_WHAT IS EXPECTED_
The answer must be an exact copy of the lines from the one with "Add a touch" to the last line of the entries below, both included, and must contain no pictures.

_SUPPLIED DATA_
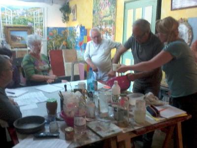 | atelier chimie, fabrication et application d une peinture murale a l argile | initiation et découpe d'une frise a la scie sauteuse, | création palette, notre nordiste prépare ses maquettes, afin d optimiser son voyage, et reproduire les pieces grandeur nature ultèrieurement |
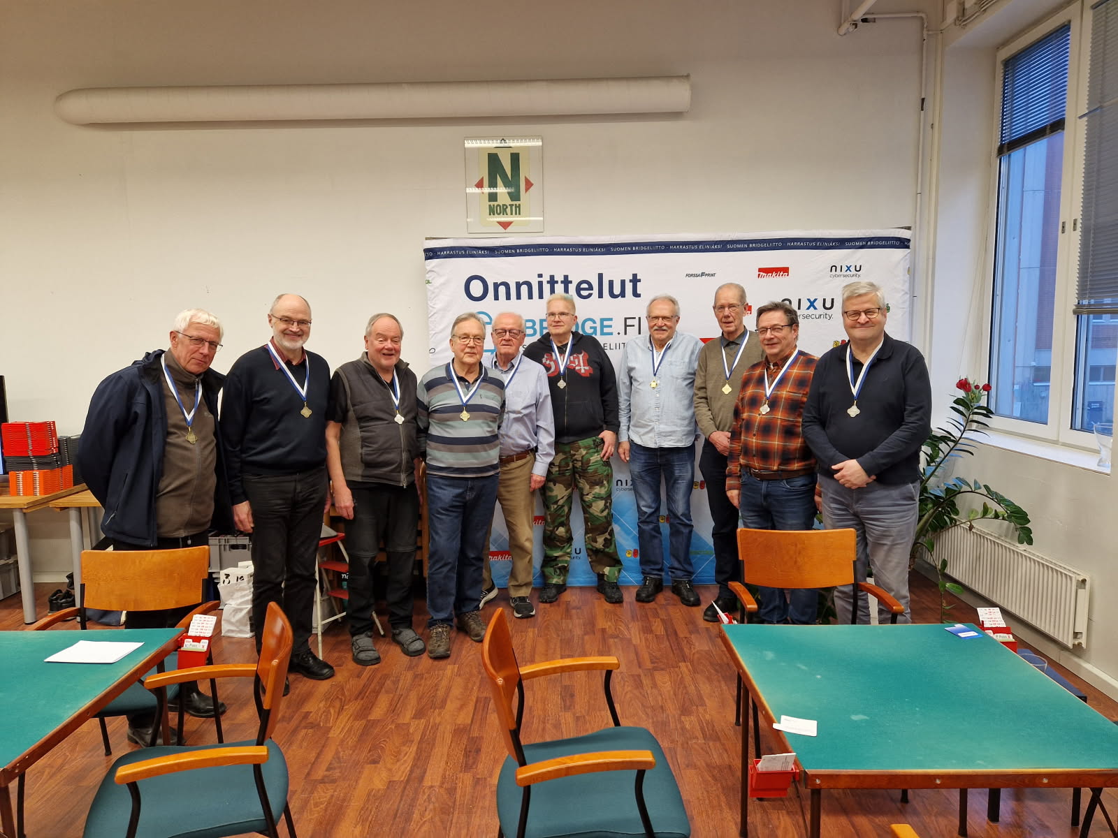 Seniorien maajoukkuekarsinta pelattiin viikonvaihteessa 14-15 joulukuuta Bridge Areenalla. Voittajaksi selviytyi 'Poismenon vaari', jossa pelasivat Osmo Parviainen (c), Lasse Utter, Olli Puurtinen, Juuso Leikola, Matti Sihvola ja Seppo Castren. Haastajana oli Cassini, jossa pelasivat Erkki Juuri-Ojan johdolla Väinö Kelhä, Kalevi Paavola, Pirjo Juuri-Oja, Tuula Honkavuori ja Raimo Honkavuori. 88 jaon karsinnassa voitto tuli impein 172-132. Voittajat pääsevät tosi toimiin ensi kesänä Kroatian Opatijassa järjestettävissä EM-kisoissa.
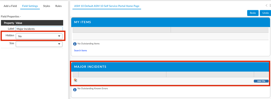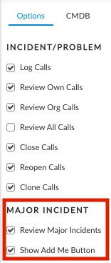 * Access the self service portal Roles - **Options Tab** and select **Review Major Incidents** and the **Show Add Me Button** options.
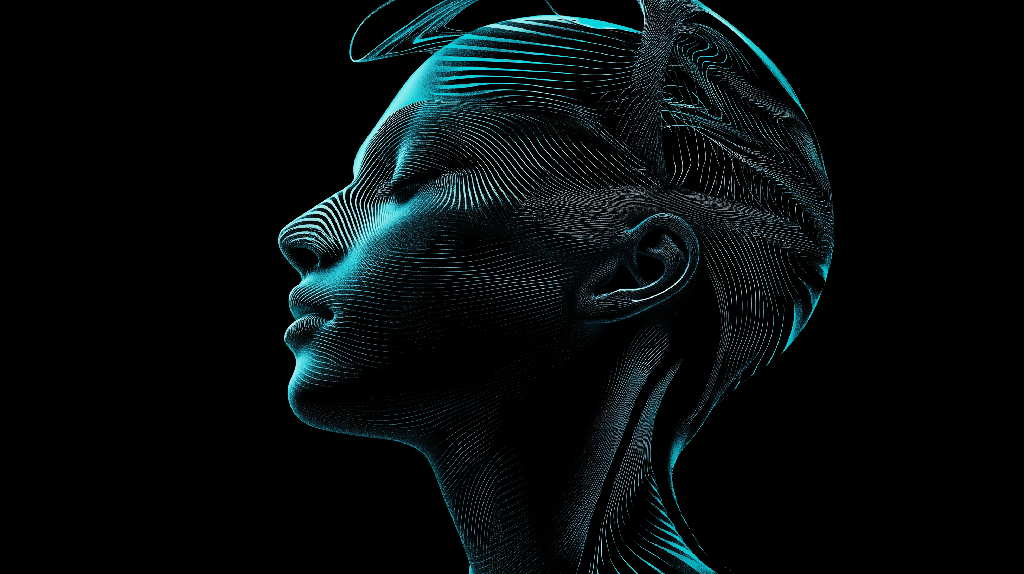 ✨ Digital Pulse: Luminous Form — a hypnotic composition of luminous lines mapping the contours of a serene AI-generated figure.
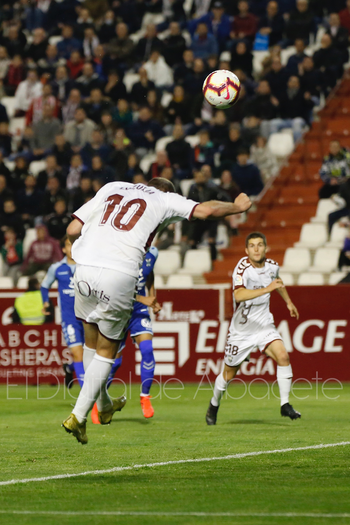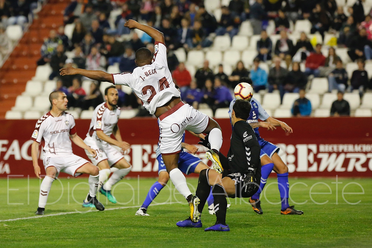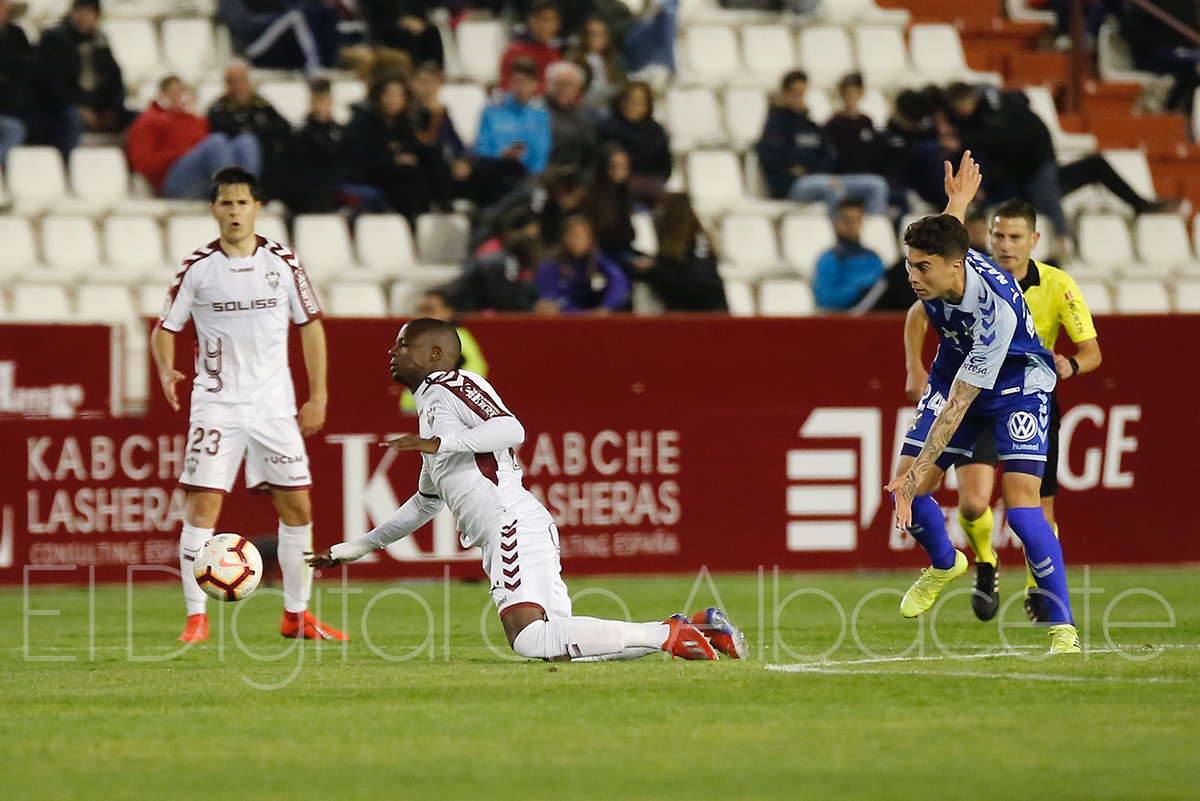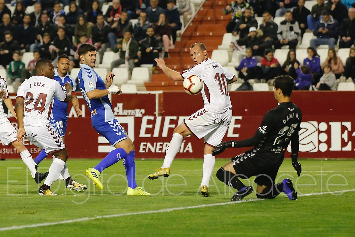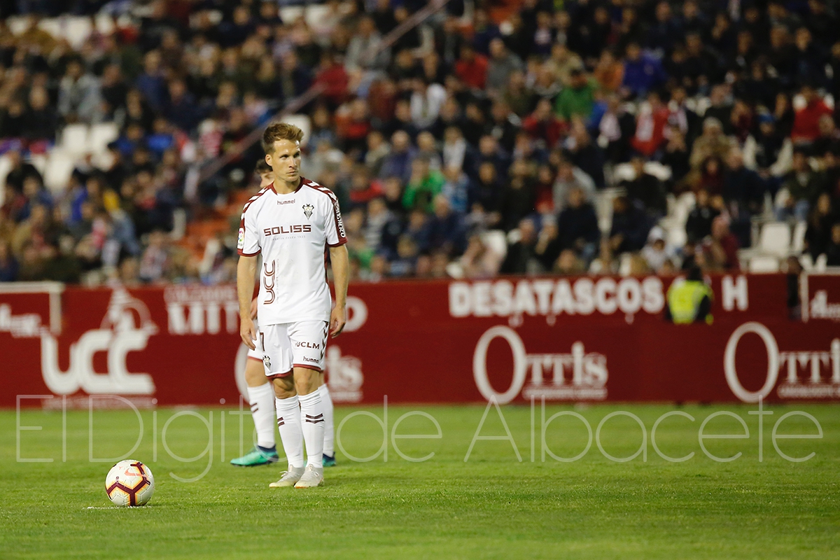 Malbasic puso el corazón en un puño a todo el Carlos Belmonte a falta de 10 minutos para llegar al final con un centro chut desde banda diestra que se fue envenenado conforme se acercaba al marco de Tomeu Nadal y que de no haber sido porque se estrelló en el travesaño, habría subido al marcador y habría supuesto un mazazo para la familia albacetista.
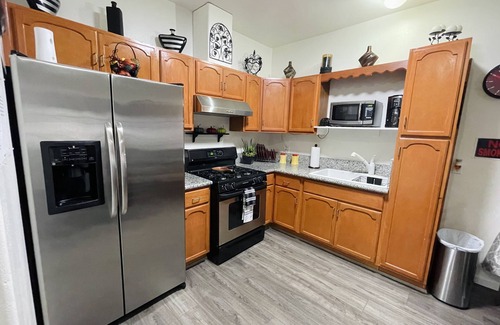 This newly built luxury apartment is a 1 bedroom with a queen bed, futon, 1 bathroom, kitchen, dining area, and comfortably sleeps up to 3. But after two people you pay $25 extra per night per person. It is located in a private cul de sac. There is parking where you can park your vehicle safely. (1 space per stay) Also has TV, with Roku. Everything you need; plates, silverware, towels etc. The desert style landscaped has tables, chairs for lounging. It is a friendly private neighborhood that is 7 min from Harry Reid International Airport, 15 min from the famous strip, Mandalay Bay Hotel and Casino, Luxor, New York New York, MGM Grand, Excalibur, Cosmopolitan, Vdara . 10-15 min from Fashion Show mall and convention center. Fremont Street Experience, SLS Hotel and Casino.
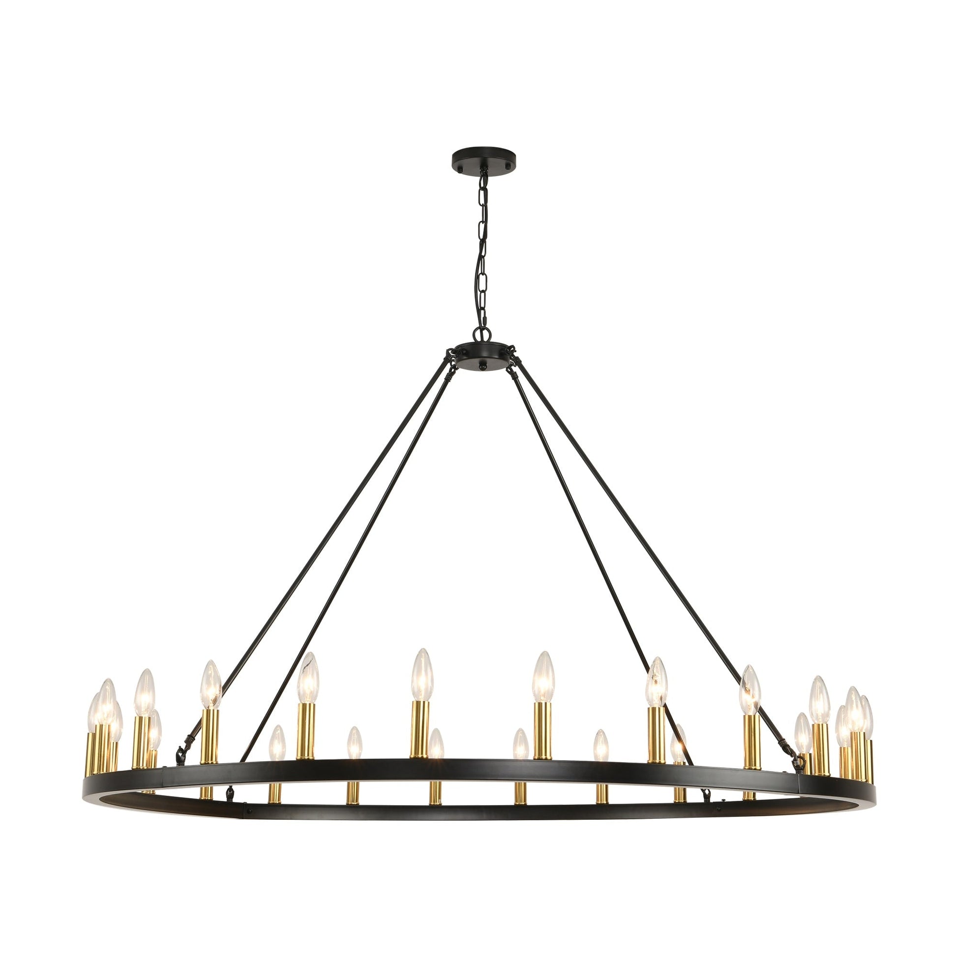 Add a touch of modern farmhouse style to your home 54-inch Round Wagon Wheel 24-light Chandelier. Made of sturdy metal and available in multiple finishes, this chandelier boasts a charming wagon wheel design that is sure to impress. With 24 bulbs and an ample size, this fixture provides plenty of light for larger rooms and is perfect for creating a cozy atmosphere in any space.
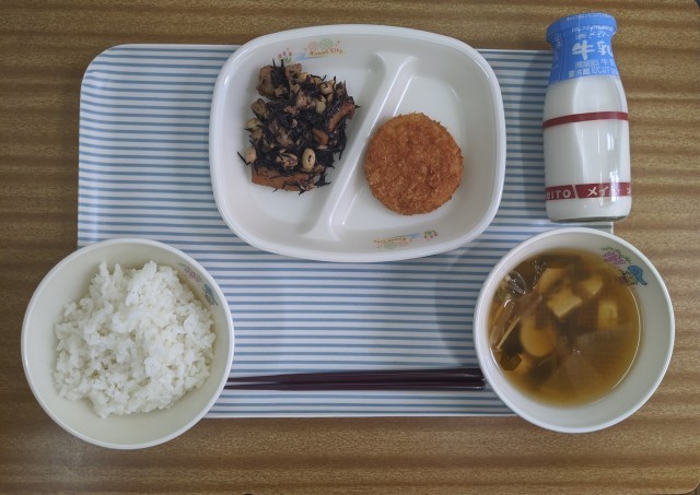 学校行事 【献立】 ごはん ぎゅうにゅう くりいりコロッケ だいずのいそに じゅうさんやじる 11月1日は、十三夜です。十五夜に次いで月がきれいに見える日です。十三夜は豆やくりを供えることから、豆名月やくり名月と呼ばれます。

_RESULT_
 Add a touch of modern farmhouse style to your home 54-inch Round Wagon Wheel 24-light Chandelier. Made of sturdy metal and available in multiple finishes, this chandelier boasts a charming wagon wheel design that is sure to impress. With 24 bulbs and an ample size, this fixture provides plenty of light for larger rooms and is perfect for creating a cozy atmosphere in any space.
 学校行事 【献立】 ごはん ぎゅうにゅう くりいりコロッケ だいずのいそに じゅうさんやじる 11月1日は、十三夜です。十五夜に次いで月がきれいに見える日です。十三夜は豆やくりを供えることから、豆名月やくり名月と呼ばれます。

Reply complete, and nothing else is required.